На Ваших глазах сформировался как фольклорист А. Кабанов. Какова в этом Ваша роль и какие у Вас с ним взаимоотношения?

В 1965 году мы с Кабановым ездили в экспедицию в Харьковскую область. В том же году в Ростове проходил фестиваль казачьего фольклора, куда меня пригласили, и я взял его с собой. Мы вместе слушали казачьи песни, и Кабанову они понравились. Так как в то время я интенсивно работал над фольклором Юга России, то предложил Кабанову: «Вот, Андрюш, область, которой никто не занимается и где можно проявить свои собирательские и исследовательские возможности».

С этого первотолчка началась работа Кабанова в казачьих станицах. Он мне помогал в проведении многомикрофонных записей. Я тогда предложил Андрею дать свои расшифровки казачьих песен в составляемый мной сборник. И здесь сказалась определенная отрицательная роль Евгения Владимировича Гиппиуса. Тогда Кабанов очень увлекся его идеями, в частности, тем, что песни нужно обязательно издавать «в ранжире», когда одна фраза точно подписана под другой. Но в казачьих песнях с их громадными строфами такой ранжир просто невозможен. Андрей тогда сказал мне, что в противном случае снимает свои расшифровки казачьих песен, поскольку они не сделаны в «ранжире». И это было досадно, потому что музыкальная фольклористика лишилась очень хороших материалов, благодаря «измене» Кабанова под влиянием Гиппиуса. Потом Кабанов увлекся Д. Покровским, начал петь в его ансамбле. На моем последнем авторском юбилейном вечере он, его жена и двое детей завершали концерт. Это очень талантливая семья, я их люблю, и мы с ними дружим.
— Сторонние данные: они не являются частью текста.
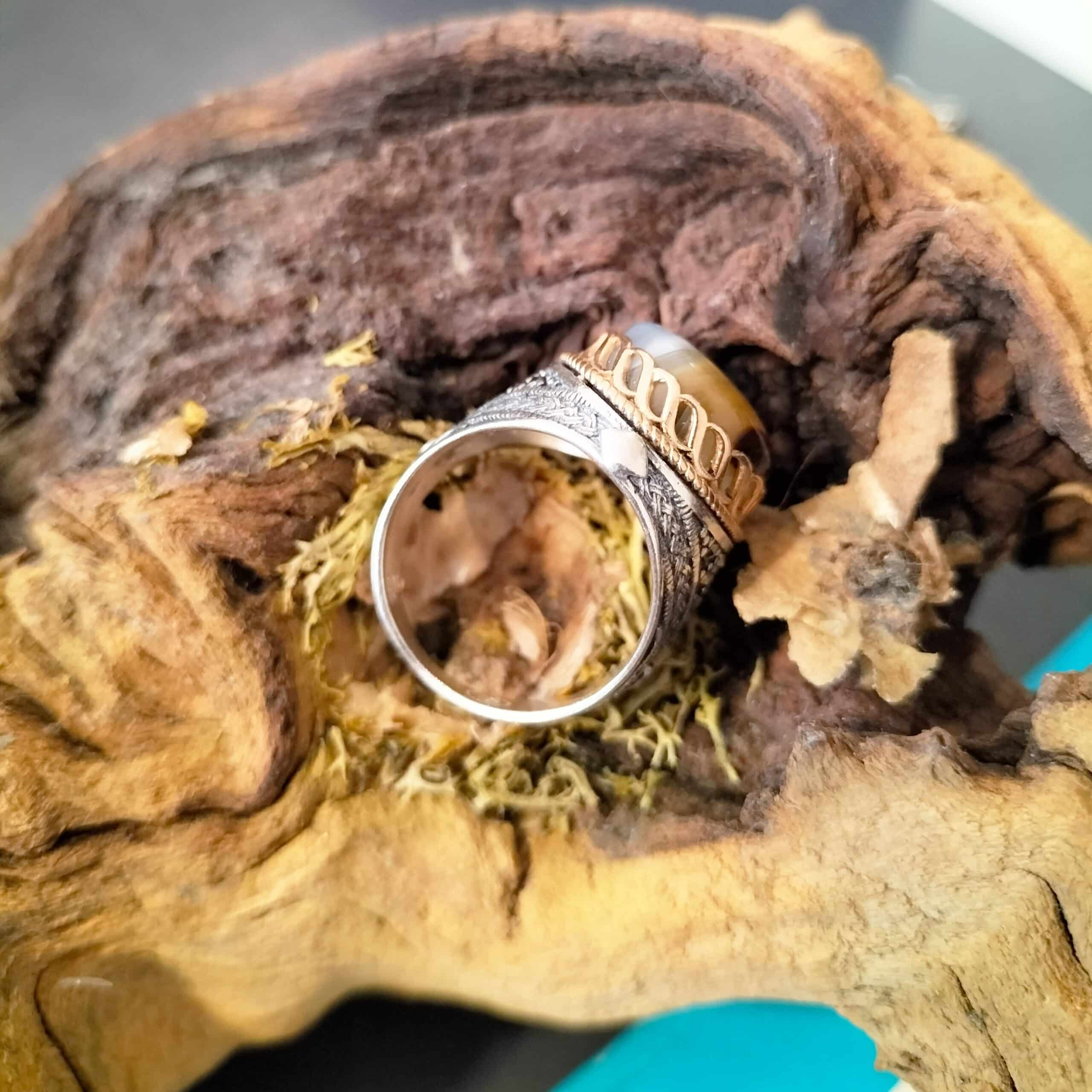 Bague Homme Agate du Botswana taille 60 Argent

Расскажите, пожалуйста, что собой представляет многомикрофонная запись.

Когда приезжали народные певцы на фольклорные концерты, появлялась возможность записать их на радио. В результате мы получили высококачественные фонограммы народного пения, которые впоследствии составили основу некоторых специальных грампластинок. Кроме того, исполнителей я приводил в Кабинет народной музыки, где записывал их пение многомикрофонно. Скажем, усаживаем в ряд ансамбль Е. Т. Сопелкина — шесть человек, перед каждым из них ставим магнитофон, который записывает на пленку отдельно каждый голос. Дополнительный магнитофон фиксирует общее звучание. Сделанная таким образом запись позволяет нотировать песню по голосам, из которых потом составляется партитура, точно отражающая особенности хоровой фактуры.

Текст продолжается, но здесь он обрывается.